In the all-comers BIO-RESORT study, the 1-year TLF and TLR rates in the Synergy arm were 4.0% and 2.0% respectively [11].

In a large registry conducted in Asia, despite the vast majority of patients having complex lesions (type B2 or C), 1-year TLF rate was 5.8% and TLR rate 1.3% [23].

In another registry of 185 high bleeding risk patients who underwent short dual-antiplatelet therapy (DAPT) (78.4% with discontinuation by 3 months), no stent thrombosis was reported and only three patients required target-vessel revascularization at 1 year [24].

A sub-study from the Swedish SCAAR registry made a comparison between Synergy EES and other new generation DES showing that the cumulative rate of restenosis (1.1% vs. 1.0%, adjusted HR: 1.24; 95% CI: 0.88–1.75; P = 0.21) and stent thrombosis (0.4% vs. 0.5%, adjusted HR: 0.97; 95% CI: 0.63–1.50; P = 0.17) up to 1 year were low in both the Synergy and other new generation DES group [12].

For what concerns the acute setting, in a recent multicenter registry enrolling 1008 patients with ACS treated with PCI and Synergy EES, the primary endpoint (composite of cardiac death, myocardial infarction and target lesion revascularization) occurred in 3% of the population at 12 months, confirming the good performance of the device [25].

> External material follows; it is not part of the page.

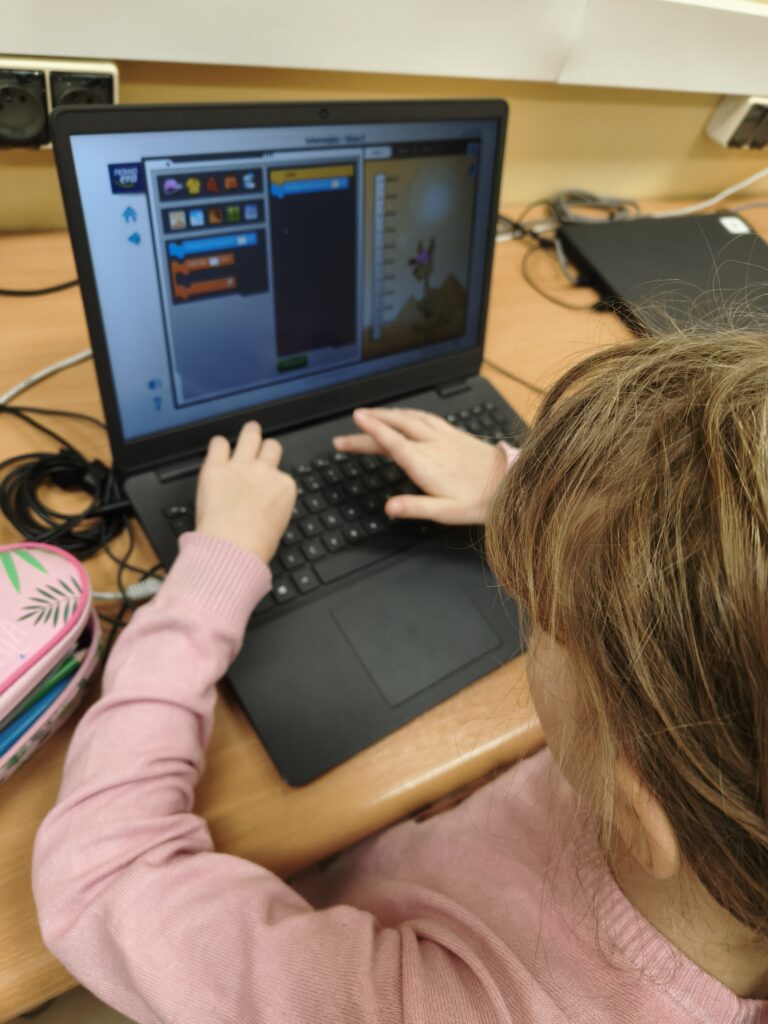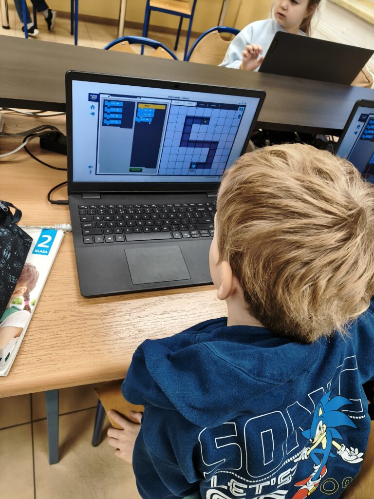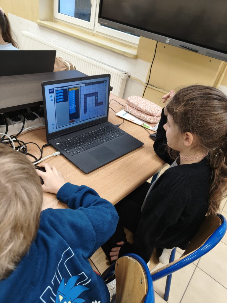 Dzieci z wielkim zaangażowaniem wykonują zadania, tworzą własne projekty i z radością poznają kolejne elementy programowania. Z niecierpliwością czekam na ich następne pomysły! 🚀💡

The Xlimus SES has similar characteristics and structure as the Synergy EES, with additional features designed to improve its trackability across complex anatomy, such as an innovative hydrophilic-coated shaft and an extra-low tip profile (crossing profile 0.90 mm).

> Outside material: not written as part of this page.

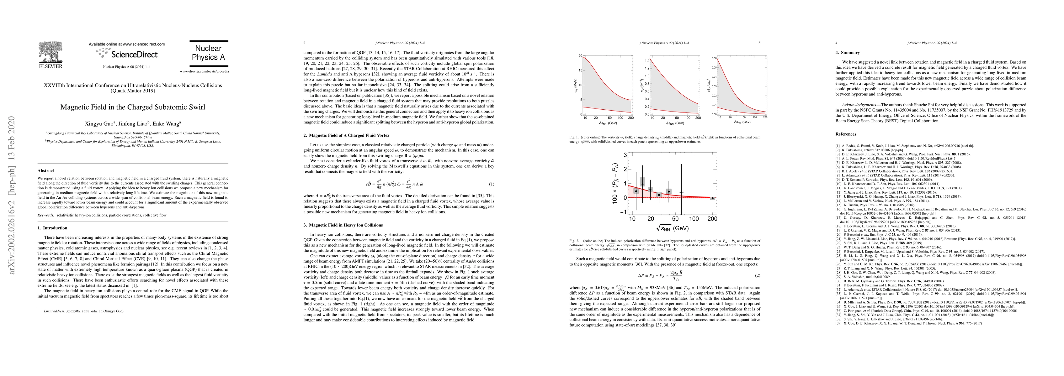 We report a novel relation between rotation and magnetic field in a charged fluid system: there is naturally a magnetic field along the direction of fluid vorticity due to the currents associated with the swirling charges. This general connection is demonstrated using a fluid vortex. Applying the idea to heavy ion collisions we propose a new mechanism for generating in-medium magnetic field with a relatively long lifetime. We estimate the magnitude of this new magnetic field in the Au-Au colliding systems across a wide span of collisional beam energy. Such a magnetic field is found to increase rapidly toward lower beam energy and could account for a significant amount of the experimentally observed global polarization difference between hyperons and anti-hyperons.

The biggest study available on the Xlimus is a prospective registry on 200 consecutive patients with 255 complex de novo lesions. The stent showed good technical performance with a delivery success rate of 98% in patients and in 98.4% of lesions. Xlimus SES was successfully implanted on the first attempt with a single guidewire in 88% of patients and in 81.6% of lesions. Additional techniques to facilitate stent delivery (i.e., buddy wire, anchoring-balloon or child-in-mother catheter) were necessary in 18.4% of lesions. Implantation failure was seen in 4 lesions (1.6%). Moreover, although the sample size was relatively small, the 9% rate of MACE at 12 months was comparable to what has been reported in other studies on 2nd- and 3rd-generation DES [26,12].

Trial status

Recruitment started in February 2019 and is estimated to be completed in December 2020.

Conclusions

The XLIMIT trial will provide insights into the endothelialization process of the Xlimus sirolimus eluting stent compared to the Synergy everolimus eluting stent. Although not powered for clinical end-points, a “minimally” selected population is of particular significance as it will test the real-world performance of the new device.

Conflict of interest

The authors report no relationships that could be construed as a conflict of interest.